- [GIVEN DATA]:
════

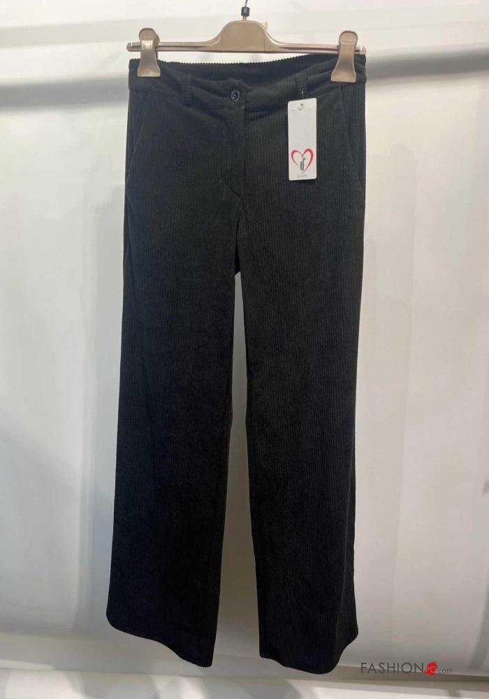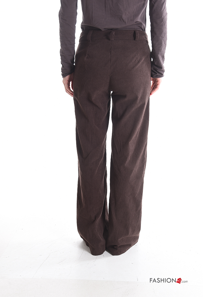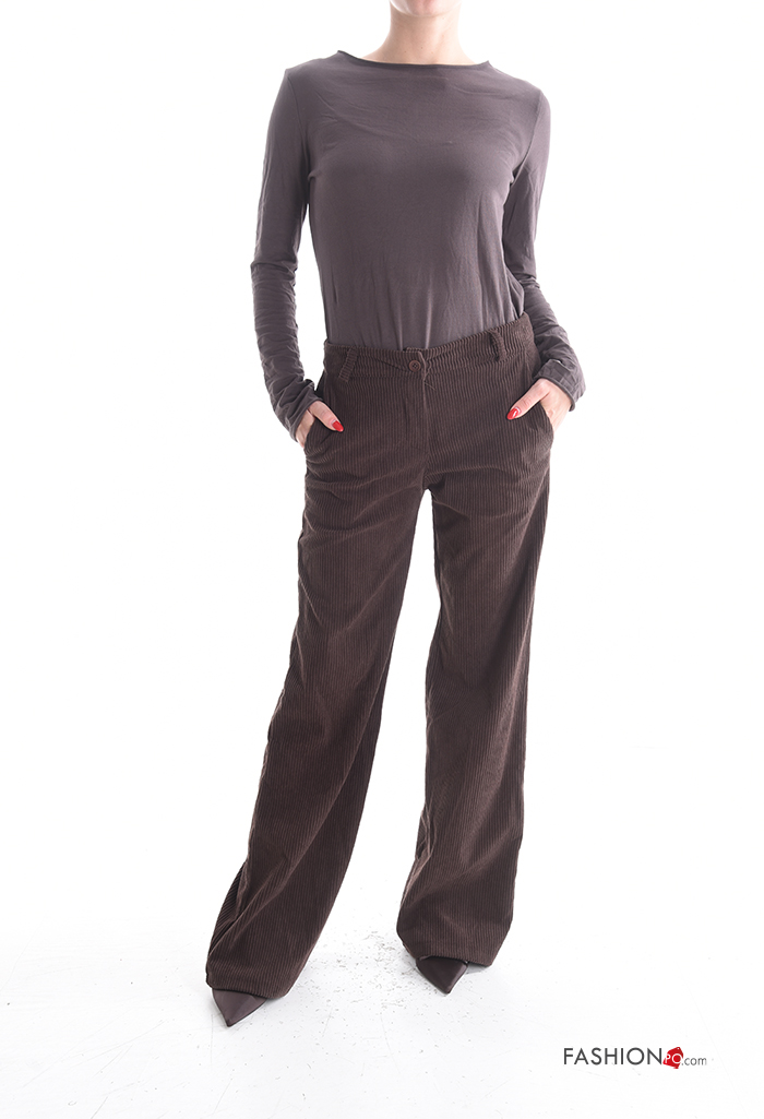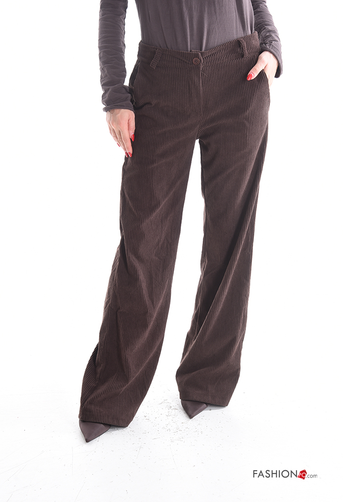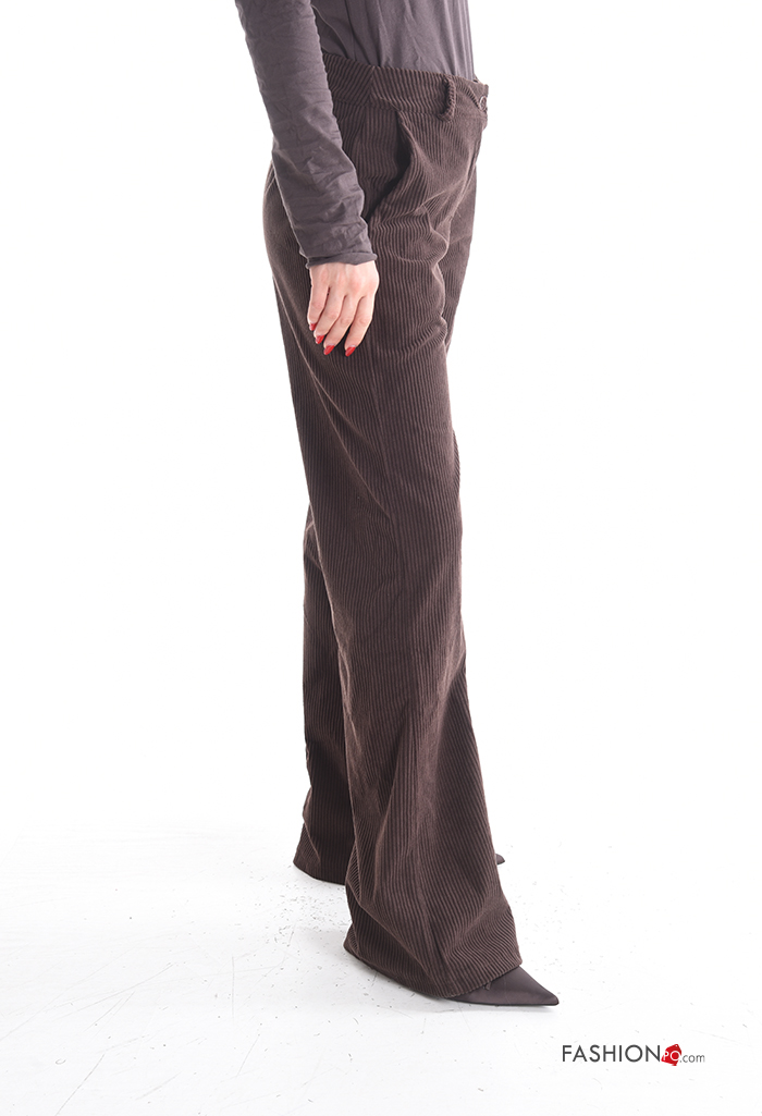 Pantalone lungo in velluto costine con tasche con bottoni con zip
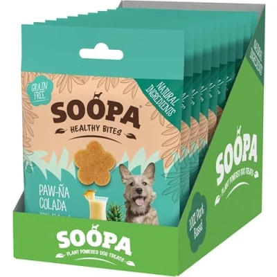 PUPTAILS COLLECTION: Raise a paw to our Soopa cool PUPTAILS collection; tail-wagging twists on classic cocktails. These bite-sized, healthy dog treats pack a flavour punch, are 100% plant-based, delicious, and perfect for training and rewarding. HUMAN-GRADE INGREDIENTS: Perfect for pups with sensitive tummies or allergies, Soopa training treats for dogs are easy to digest, and even help fight bad breath! Nothing artificial, just human-grade, vegan goodness, and only 3 calories per bite. PAW-NA COLADA: Anti-inflammatory coconut for brain, joint, skin & coat health, plus pineapple for improved digestion – these mini dog treats are suitable for pups with weight issues, allergies, CKD stages 1 and 2, liver disease, IBS, & low immunity. GRAIN FREE DOG TREATS: Packaged in a pocket-friendly pouch for walkies, these vet-approved, grain-free, low-fat, low-calorie, hypoallergenic, additive-free, yummy snacks are made with limited, all-natural ingredients (and plenty of love). SOOPA PETS: An eco-conscious, female-led Irish company, Soopa makes healthy, vegan, dog and puppy treats and chews from superfood ingredients, produced to human-grade standards. Simple, delicious, and nutritious. And the best bit? Dogs love them.
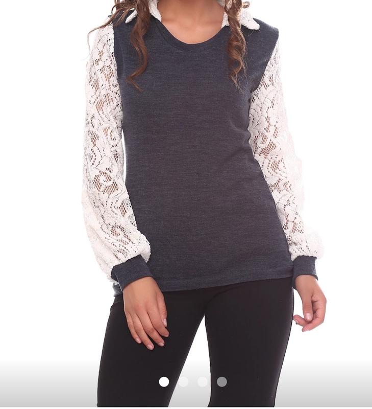 Дуже гарна кофта-блуза, м'якиц трикотаж з поєднанням кружевних рукавів. Елегантна,та красива 46 розміру.Кольор сіраз отливом морскої хвилі...
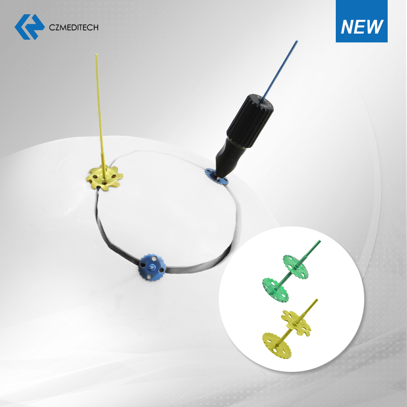 Материал имплантата: титановый сплав. Возможное применение: фиксация костных лоскутов при нейрохирургической краниотомии. Детская черепно-лицевая хирургия.
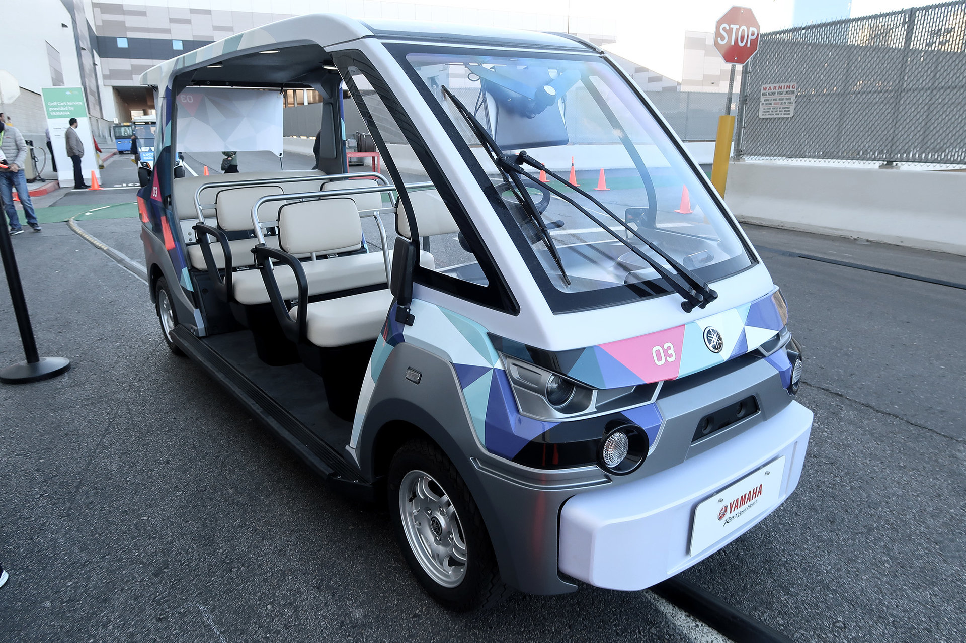 CES 2019の会場で走行デモを行ったヤマハの自動運転カート「Public Personal Mobility」。6人乗りのEVゴルフカートをベースに開発
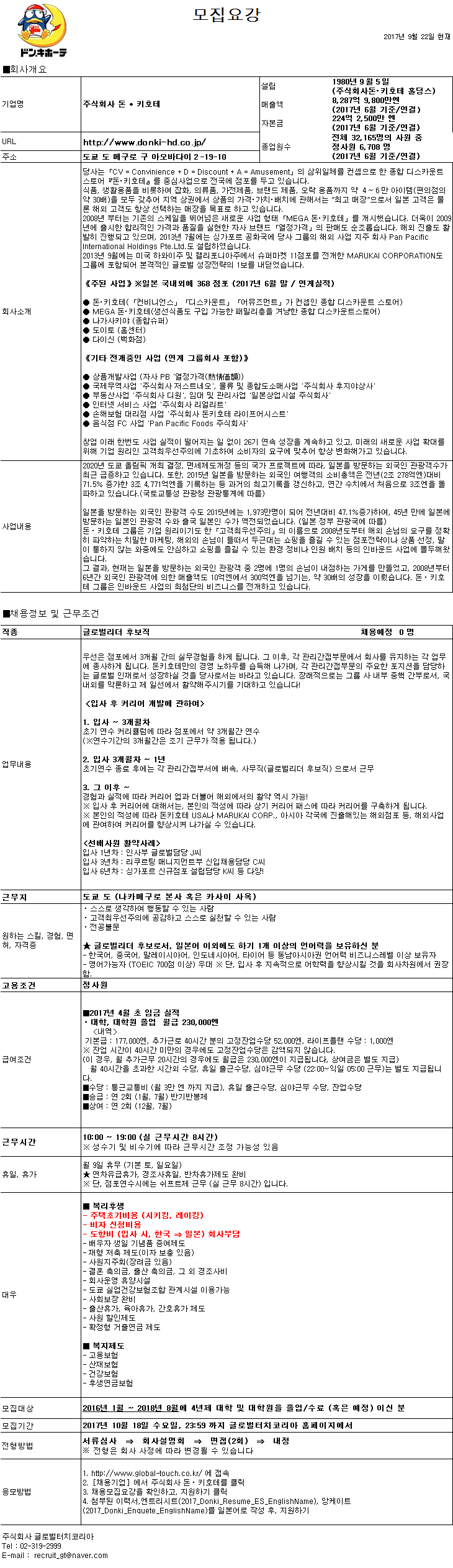 2017 하반기 주식회사 돈 · 키호테 한국인재채용
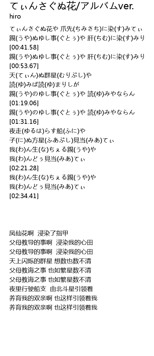 | [00:17.42] | てぃんさぐぬ花や 爪先(ちみさち)に染(す)みてぃ |
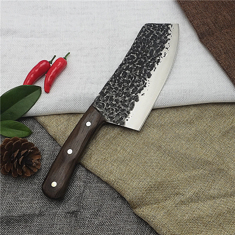 Blacksmith family hand forged hammered grain kitchen knife Stainless steel beef and mutton meat split pig hair knife Hotel household sharp knife
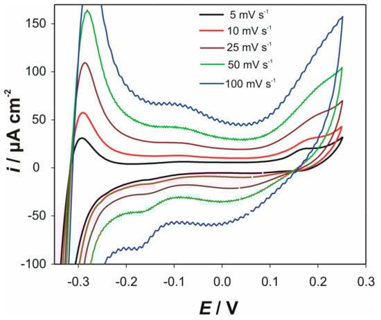 For understanding the undergoing electrochemical reactions, cyclic voltammograms at different scan rates (in the presence of the 1 × 10−4 M cysteine) were recorded at the electrodes “ACS” and “AC1.8S”, at both pH values. Similar psuedocapacitive behavior was obtained for both electrodes. As an example of obtained voltammograms, influence of the scan rate on CVs of the electrode “ACS” at pH 5, is presented in Figure 6.
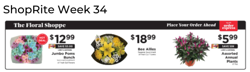 No floral ad this week from Aldi, Central Market, Cub Foods, Fresh Market, Giant Eagle, HEB, Lowes, Meijer, Schnucks, Stater Bros, and Stop & Shop.
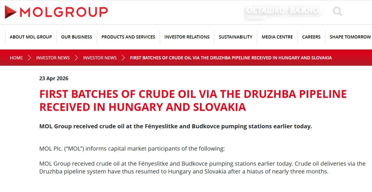 «Группа MOL сегодня утром получила сырую нефть на насосных станциях "Феньеслитке" и "Будковце". Таким образом, поставки сырой нефти по трубопроводной системе "Дружба" в Венгрию и Словакию возобновились».
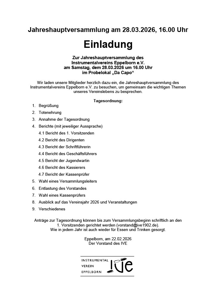 Der Instrumentalverein Eppelborn lädt alle Mitglieder herzlich zur diesjährigen Jahreshauptversammlung am 28.03.2026 um 16:00Uhr im DaCapo ein. Neben den Berichten des Vorstandes werfen wir gemeinsam einen Blick auf das vergangene Vereinsjahr und geben einen Ausblick auf kommende Aktivitäten. Wir freuen uns über eine rege Teilnahme und einen schönen gemeinsamen Austausch.
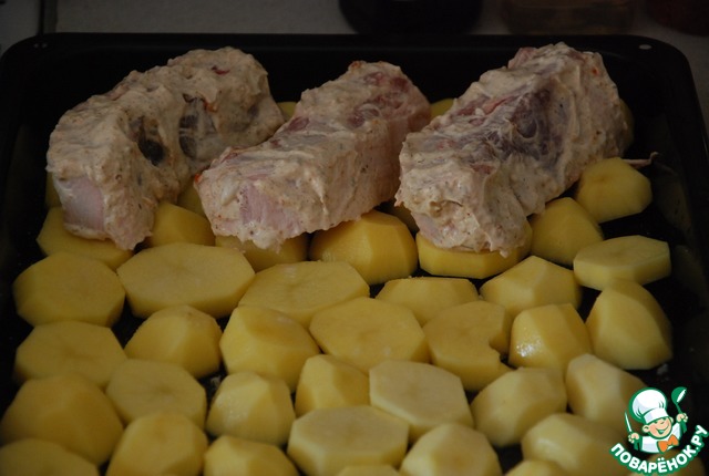 Выкладываем картофель (очищенный) и нарезанный толстыми кружочками (1-1,5 см). Присаливаем картофель и выкладываем ребрышки.
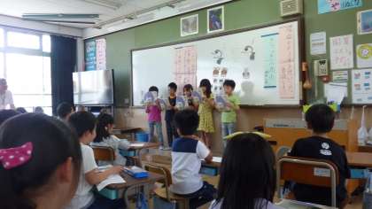 3年生の参観授業は,国語科「きつつきの商売」の音読発表会です。めあては,「場面の様子を思い浮かべ,音読しよう。」です。さすが,3年生。感情をこめて,音読できていました。聞いていて,場面の様子を想像できる発表会でした。
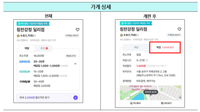배달의민족 앱 가게상세 전후 비교. ⓒ 우아한형제들
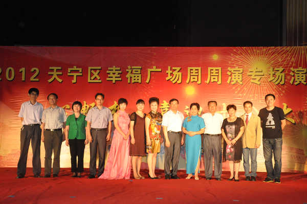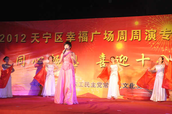 由农工党常州市委主办、文化支部独立承办的“同心畅想喜迎十八大”专场文艺晚会,于日前在市银河湾电脑城广场成功举行。这是一台由农工党文化支部以幸福广场周周演的活动形式自编、自导、自演的节目。市政协副主席、农工党常州市委主委陈建国出席晚会并致辞,市委统战部部长张跃、副部长章卫忠,市各民主党派负责人,农工党常州市委副主委马正华、朱静雅以及农工党常州市委委员和各基层组织负责人出席了晚会,500多名市民现场观看了演出。
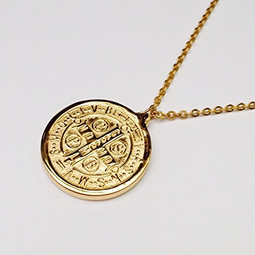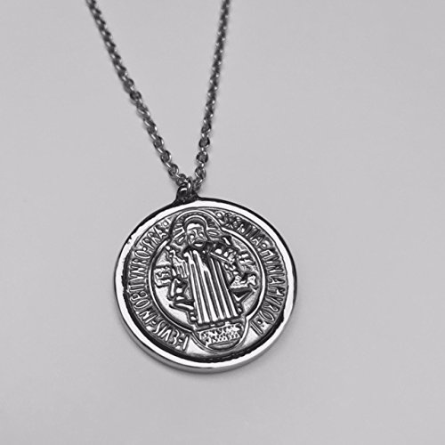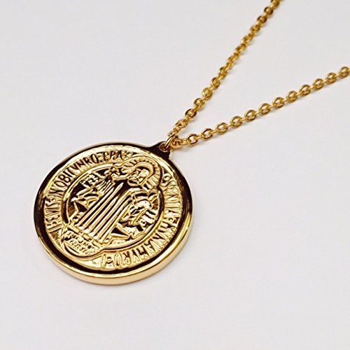 -. Title : Amythyst Silver or Yellow Gold Tone Stainless Steel Round or Oval Shaped St. Benedict's Medal Pendant Necklace
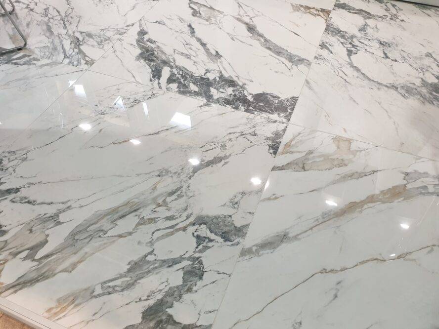 Новейшие разработки позволяют получить красивую имитацию с «натуральным» мраморным рисунком. Такие изделия выглядят в интерьере очень эффектно – мраморную плитку используют для пола
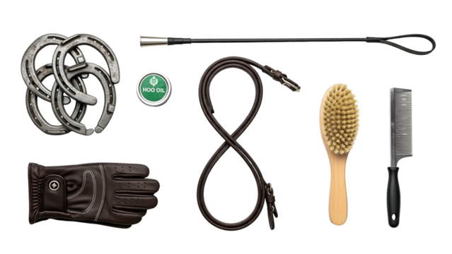 Equestrian Accessories Arranged On Black Background Featuring Horse Shoes Bridle Whip Gloves Brush And Comb Detail
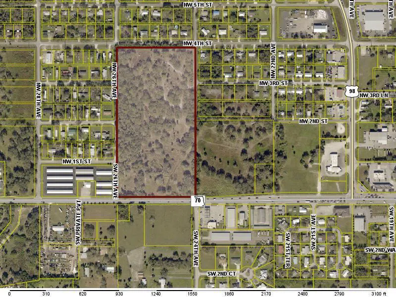 Hwy frontage of State Road 70, which runs coast to coast. Highly traveled road. There is another adjacent parcel for sale that would total approximately 28 acres combined.
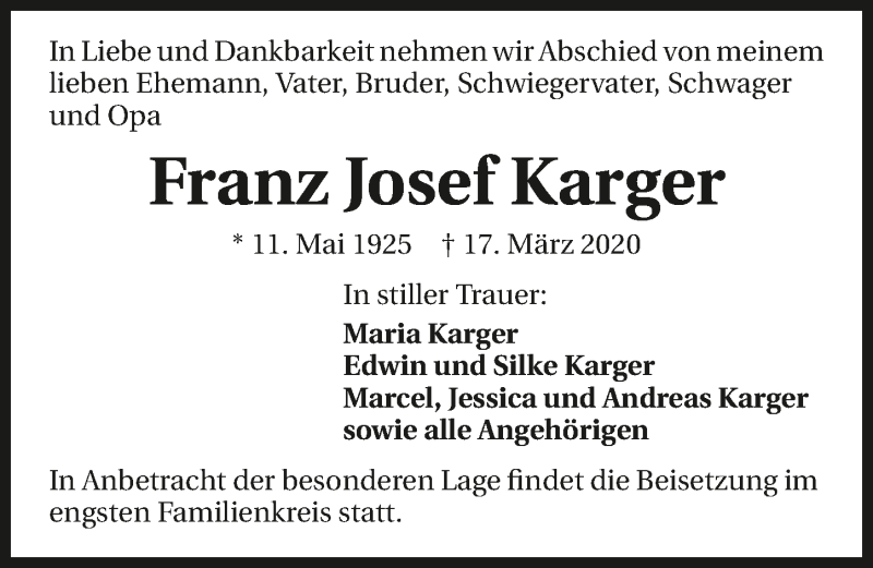 Hier finden Sie alle Traueranzeigen aus der Zeitung, die bisher für Franz Josef Karger erschienen sind. Weitere Traueranzeigen, die in der Zeitung erscheinen, werden hier ebenfalls aufgelistet
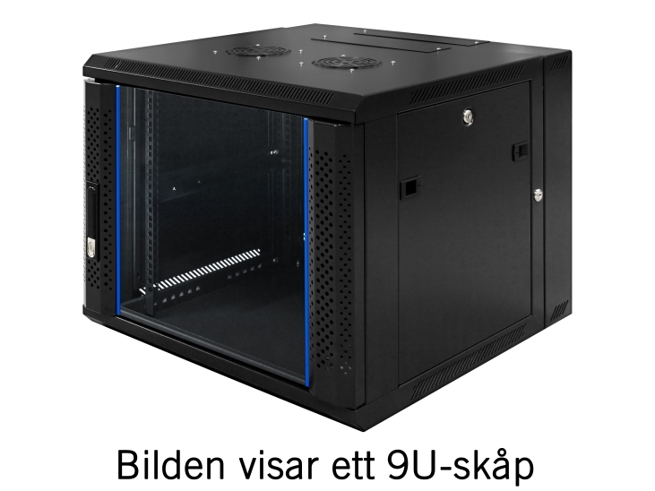 19” Wall Cabinet, 12U, 600 × 600, Glass Door, Black
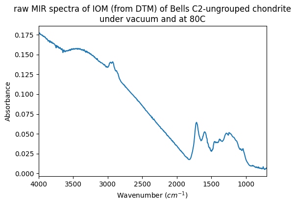 - Quirico, Eric; Flandinet, Laurene (2016): MIR spectra of IOM from CM and C2-ungrouped chondrites under vacuum and at T=80C. SSHADE/GhoSST (OSUG Data Center). Dataset/Spectral Data. https://doi.org/10.26302/SSHADE/EXPERIMENT_LB_20180718_001
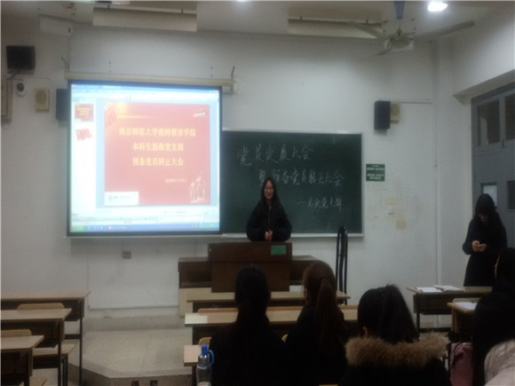 思政党支部党员发展大会暨预备党员转正大会在仙林校区学海楼318教室顺利召开。该转正大会由思政党支部书记蔡敏瑜同学主持,转正对象是钱莉、顾思卉和宋美亚三位同学,发展对象是陶然、朱和佳、黄金林和王瑞敏四位同学。
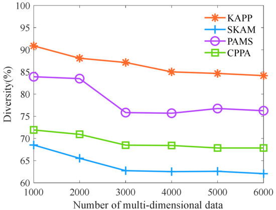 We further analyze the algorithm diversity with different numbers of multi-dimensional data. As shown in Figure 6, with the increase in the number of multi-dimensional data, the diversity of KAPP, PAMS, CPPA, and SKAM shows a downward trend. Note that the diversity of KAPP is significantly higher than that of PAMS, CPPA, and SKAM. The reason is that KAPP completes the clustering of multi-dimensional data and initialization of equivalence classes based on sensitive data and merges equivalence classes that do not meet the distribution conditions. It makes the distribution of sensitive data in equivalence classes become more evenly, and each equivalence class’s multi-dimensional data increase in the sensitive data distance. However, other algorithms only consider quasi-identifier data rather than sensitive data. It will make the sensitive data of the same equivalence class more similar, and the sensitive data distance between multi-dimensional data is smaller. Therefore, the diversity of KAPP is always superior to other algorithms.
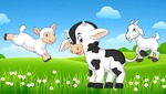 В один прекрасный день, ни у кого не спросив разрешения, удрали козлёнок, ягнёнок и телёнок из стада и пошли искать то место, куда солнышко на ночлег садится.
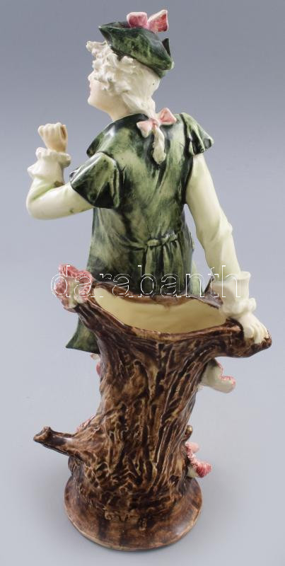 Leírás: Régi német historizáló figurás váza, mázas fajansz, kopással, m: 34 cm

════

- [REQUIREMENT]:
What are the lines in the records above, word for word, from the one containing "배달의민족 앱 가게상세 전후 비교. ⓒ 우아한형제들" through the one containing "Hwy frontage of", both ends included and pictures left out?

- [OUTPUT OF THE TASK]:
배달의민족 앱 가게상세 전후 비교. ⓒ 우아한형제들
 由农工党常州市委主办、文化支部独立承办的“同心畅想喜迎十八大”专场文艺晚会,于日前在市银河湾电脑城广场成功举行。这是一台由农工党文化支部以幸福广场周周演的活动形式自编、自导、自演的节目。市政协副主席、农工党常州市委主委陈建国出席晚会并致辞,市委统战部部长张跃、副部长章卫忠,市各民主党派负责人,农工党常州市委副主委马正华、朱静雅以及农工党常州市委委员和各基层组织负责人出席了晚会,500多名市民现场观看了演出。
 -. Title : Amythyst Silver or Yellow Gold Tone Stainless Steel Round or Oval Shaped St. Benedict's Medal Pendant Necklace
 Новейшие разработки позволяют получить красивую имитацию с «натуральным» мраморным рисунком. Такие изделия выглядят в интерьере очень эффектно – мраморную плитку используют для пола
 Equestrian Accessories Arranged On Black Background Featuring Horse Shoes Bridle Whip Gloves Brush And Comb Detail
 Hwy frontage of State Road 70, which runs coast to coast. Highly traveled road. There is another adjacent parcel for sale that would total approximately 28 acres combined.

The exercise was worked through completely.